GIVEN MATERIAL>
☆ ☆ ☆ ☆ ☆ ☆ ☆
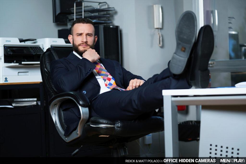 He’s not only making sure they’re working, but also enjoys the various views from his desk when they undoubtedly get horny, and when alone, pull out their cocks for an afternoon stroke. Today, Ridick is in for a real show, compliments of his sexy employee Matt Polaco and his thick, huge, uncut Polish cock and bubble butt!
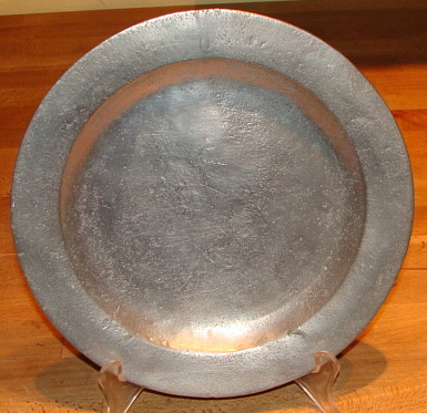 ANTIQUE PEWTER FLAT RIM PLATE, WORN MARK, 18TH CENTURY
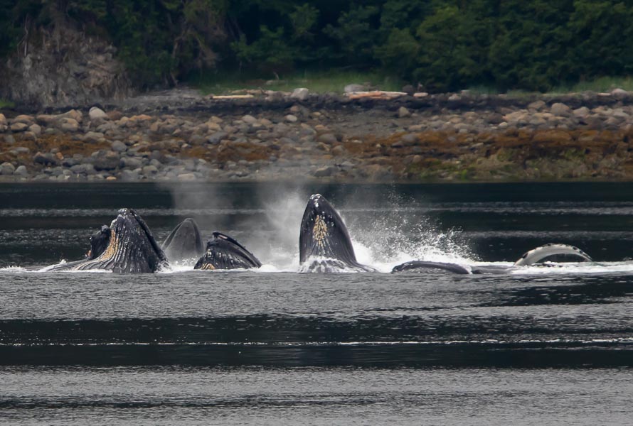 This morning, I overheard a comment from a guest to her partner, who had just joined us on the bow. “I was worried about you, but not worried enough to come find you,” she said. Those of us around her had to laugh. We understood. No one wanted to walk away, fear of missing anything. A very active group of transient (Bigg’s) killer whales captured our attention, moving fast, splashing, hunting, spy-hopping. They had already been preceded by pre-breakfast sighting of humpback whales, and those awake earlier enough saw a salmon shark. Our afternoon comprised kayaking and introductions to the Southeast Alaska rainforest with hikes at Lake Eva. What a day! Another comment overheard on the bow today: “We are setting the bar too high on Day One.”
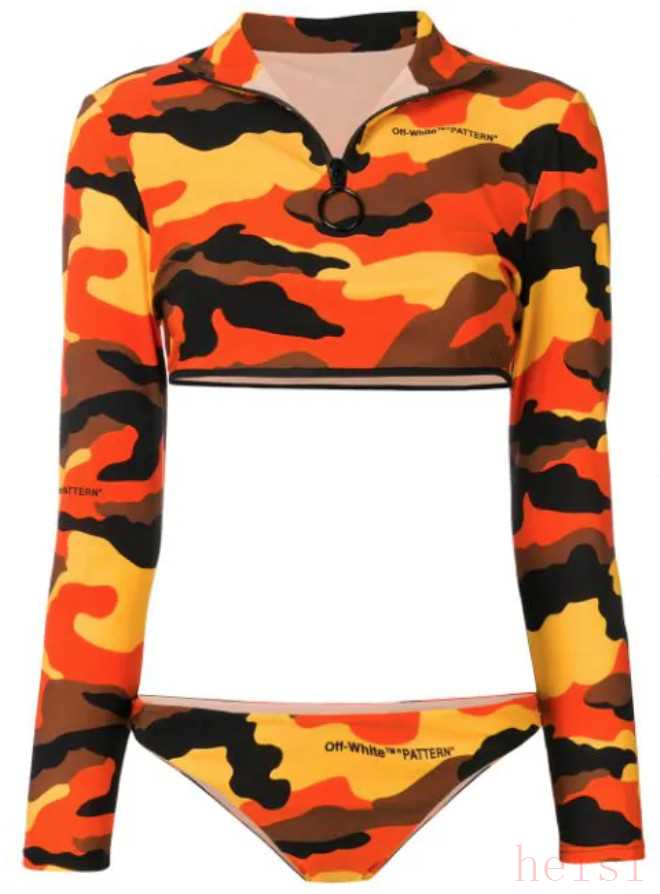 迷彩印花长袖比基尼
☆ ☆ ☆ ☆ ☆ ☆ ☆
EXERCISE PROMPT>
Restate each line above exactly, keeping pictures out.

RESPONSE>
 He’s not only making sure they’re working, but also enjoys the various views from his desk when they undoubtedly get horny, and when alone, pull out their cocks for an afternoon stroke. Today, Ridick is in for a real show, compliments of his sexy employee Matt Polaco and his thick, huge, uncut Polish cock and bubble butt!
 ANTIQUE PEWTER FLAT RIM PLATE, WORN MARK, 18TH CENTURY
 This morning, I overheard a comment from a guest to her partner, who had just joined us on the bow. “I was worried about you, but not worried enough to come find you,” she said. Those of us around her had to laugh. We understood. No one wanted to walk away, fear of missing anything. A very active group of transient (Bigg’s) killer whales captured our attention, moving fast, splashing, hunting, spy-hopping. They had already been preceded by pre-breakfast sighting of humpback whales, and those awake earlier enough saw a salmon shark. Our afternoon comprised kayaking and introductions to the Southeast Alaska rainforest with hikes at Lake Eva. What a day! Another comment overheard on the bow today: “We are setting the bar too high on Day One.”
 迷彩印花长袖比基尼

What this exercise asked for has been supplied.